MSNBC featured a fine piece titled “Chatty Workers Are Best Telecommuters” (thanks Dr. Bret) with a delightfully colourful introduction…
“For years the workplace commentariat has been nattering about the no-collar workplace. Companies will hire brains, not bodies. Work will go to the talent — instead of the talent extreme-commuting to the work. Teams will go transnational, warming the undersea cables with their space-and-time shifting video meetings. The workplace of the future, they've said, will be no workplace at all. Technology will turn the globe into one giant Wi-Fi-enabled kibbutz. A post-face-time world where everybody can Tivo their work. This is one of those dreams that has actually panned out. The office — in our pocket! (Or pocketbook!) But for every miraculous solution, there's another problem created. And so it is with the wonder of wireless work.”
The article makes a number of key points that Dynamic Work endorses completely…

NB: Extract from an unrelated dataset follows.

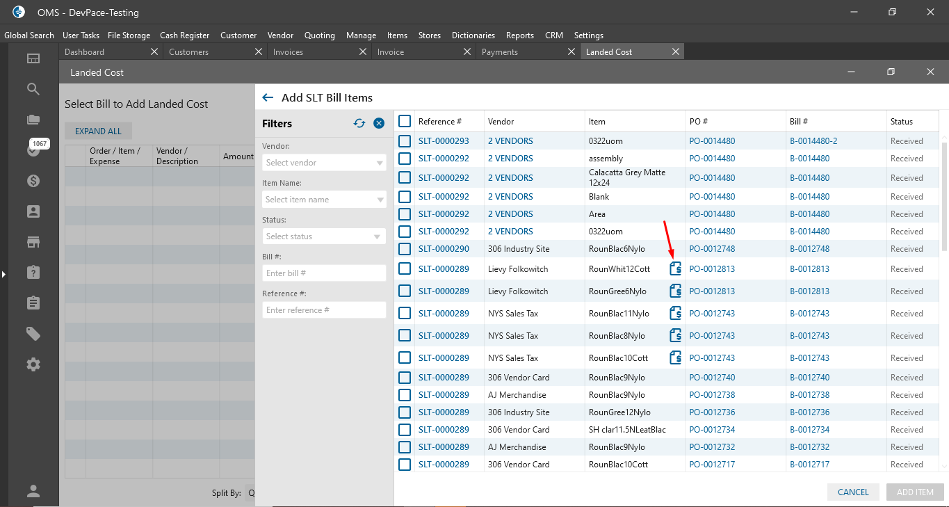 - If for Order types in the list previously was added Landed Cost -> In the Item column:

- New characteristics to productivity – Often, the most difficult hurdle to implementing Dynamic Work are the managers, the management skills and the management practices. All of these usually need a complete overhaul in the new approach to getting things done. That change includes identifying, assessing and enhancing someone’s productivity. In the past, conventional wisdom would cite ‘chattiness’ as a sign of distraction and lack of focus, actually correlates strongly with someone able to maintain and support the increased opportunities and demands in a distributed environment.

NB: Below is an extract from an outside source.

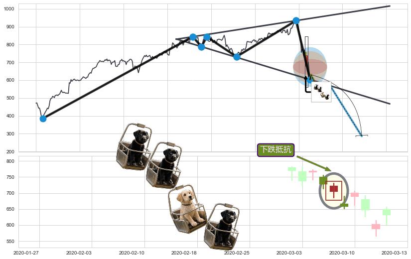 ➢ 收盘价(2020-03-13: 630.36 )→回踩→第一根k线低点(2020-03-11: 626.19 )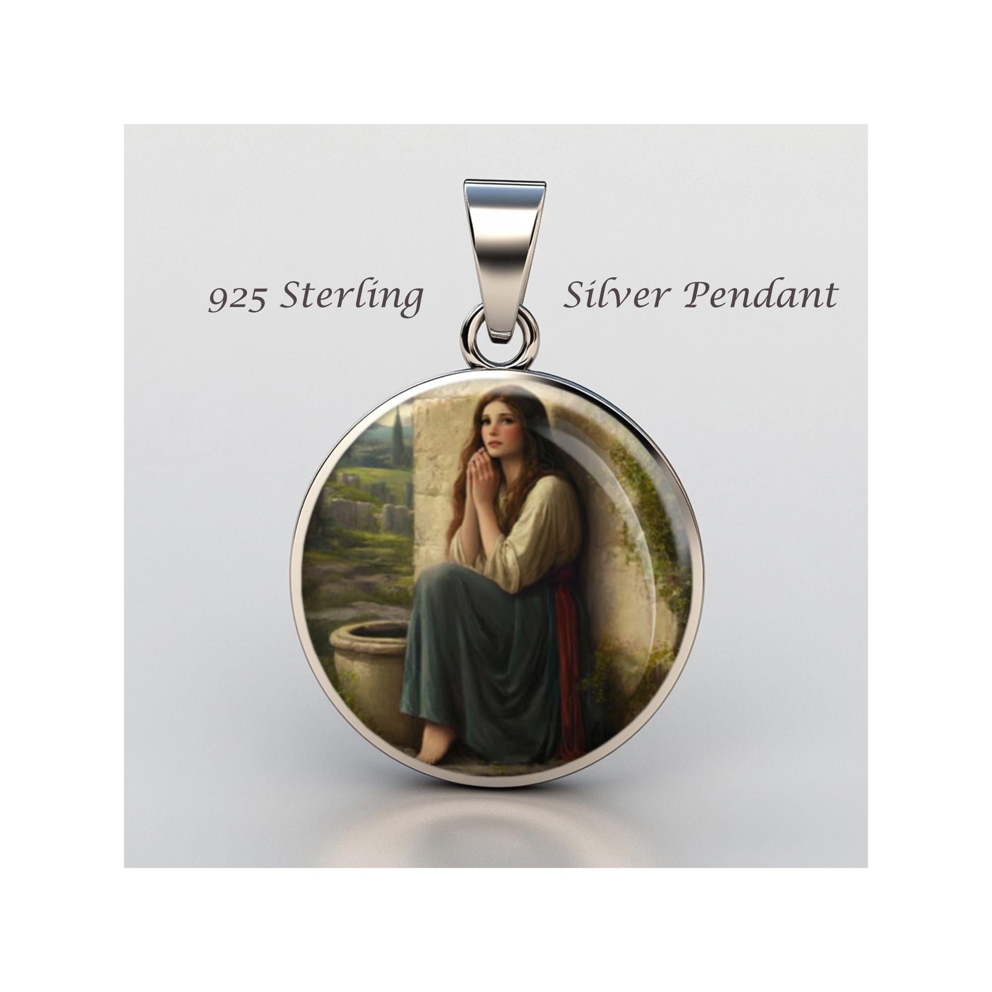 Dedicated to Saint Photini The Samaritan Woman, this 20mm sterling silver pendant features a delicate design under a clear glass dome, crafted with high-quality paper. The pendant comes in a beautiful jewelry box, ready for gifting—perfect for birthdays, anniversaries, Christmas, Easter, Baptism, First Communion, Confirmation, Mother's Day, or as a thoughtful gift for a loved one.

- No one size fits all – Dynamic Work is no more of a panacea than any other innovation. Each member of staff and the role they serve is its unique blend of skills, personality, preferences and demands that will embrace some of the potential changes and balk at other. A hallmark of Dynamic Work’s engagements is identifying the various clusters of roles and ‘psychographics’ to figure out tailored approaches and tools for different groups.
- Shirk from home’ – A persistent myth is that without direct supervision, workers will fritter away hours unproductively. Obviously, a central part of the solution is to strengthen ‘management by outcome’. But, the article highlights that the tendencies are actually quite the opposite to the fear – " ‘Mobile workers are far more organized, personally, than their office-bound counterparts,’ says a researcher. ‘They have to be on top of their game the whole time.’"
I really appreciate the theme of the changing nature of how and where we work. Many years ago I was in CA sitting on a highway where it took me 2 hours to go 10 miles. I hadn't commuted for a long time at that point and remember thinking to myself that many years from now we will look back in disbelief at how crazy we were to engage in such silly behavior.
Yet while we may ultimately get rid of the collar extreme commuting, confining work to an office, etc., ultimately, the very tools and technologies that increase our flexibility can dominate us with a 24/7 expectation for our attention. Are we unwittingly trading one "collar" for another?